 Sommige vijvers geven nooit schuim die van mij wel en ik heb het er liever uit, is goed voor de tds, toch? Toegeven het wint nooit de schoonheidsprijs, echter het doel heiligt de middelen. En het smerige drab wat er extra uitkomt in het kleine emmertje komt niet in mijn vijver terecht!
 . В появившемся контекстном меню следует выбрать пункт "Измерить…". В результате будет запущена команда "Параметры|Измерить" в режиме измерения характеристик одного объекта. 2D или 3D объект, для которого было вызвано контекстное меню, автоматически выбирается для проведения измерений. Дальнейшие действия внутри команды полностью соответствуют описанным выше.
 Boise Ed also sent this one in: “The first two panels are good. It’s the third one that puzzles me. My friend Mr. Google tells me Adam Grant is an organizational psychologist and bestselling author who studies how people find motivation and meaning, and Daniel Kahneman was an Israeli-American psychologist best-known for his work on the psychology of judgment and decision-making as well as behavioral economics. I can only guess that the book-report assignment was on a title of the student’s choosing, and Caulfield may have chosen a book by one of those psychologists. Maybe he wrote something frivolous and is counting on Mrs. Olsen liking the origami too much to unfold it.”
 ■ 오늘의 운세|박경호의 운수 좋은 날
--
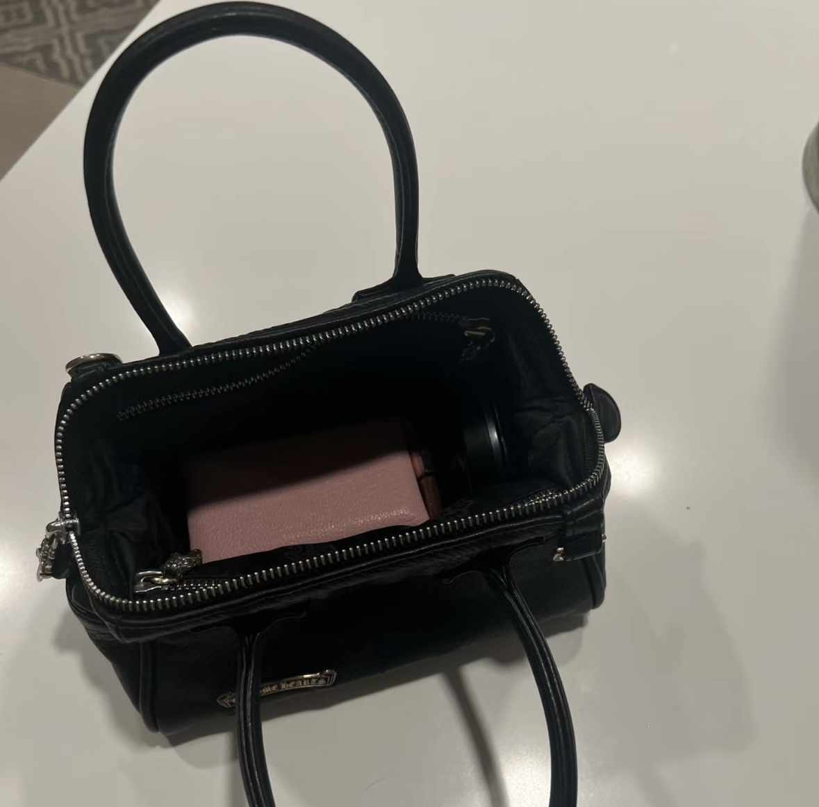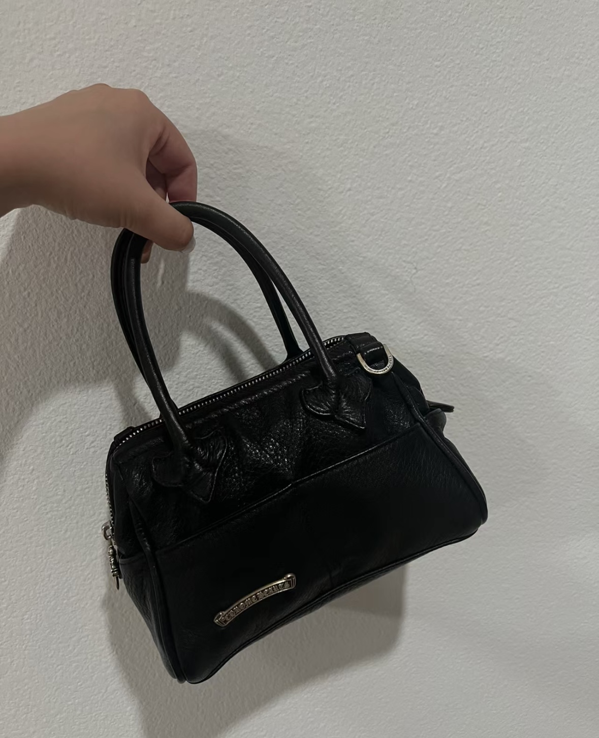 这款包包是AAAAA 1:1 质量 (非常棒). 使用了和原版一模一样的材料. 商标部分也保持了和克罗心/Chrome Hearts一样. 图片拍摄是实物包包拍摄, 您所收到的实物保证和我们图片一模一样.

**Your objective**
Among the entries above, locate the lines containing "соответствуют описанным выше." and "운세|박경호의 운수 좋은 날", and transcribe exactly those two lines and all lines between.

**Written solution**
 . В появившемся контекстном меню следует выбрать пункт "Измерить…". В результате будет запущена команда "Параметры|Измерить" в режиме измерения характеристик одного объекта. 2D или 3D объект, для которого было вызвано контекстное меню, автоматически выбирается для проведения измерений. Дальнейшие действия внутри команды полностью соответствуют описанным выше.
 Boise Ed also sent this one in: “The first two panels are good. It’s the third one that puzzles me. My friend Mr. Google tells me Adam Grant is an organizational psychologist and bestselling author who studies how people find motivation and meaning, and Daniel Kahneman was an Israeli-American psychologist best-known for his work on the psychology of judgment and decision-making as well as behavioral economics. I can only guess that the book-report assignment was on a title of the student’s choosing, and Caulfield may have chosen a book by one of those psychologists. Maybe he wrote something frivolous and is counting on Mrs. Olsen liking the origami too much to unfold it.”
 ■ 오늘의 운세|박경호의 운수 좋은 날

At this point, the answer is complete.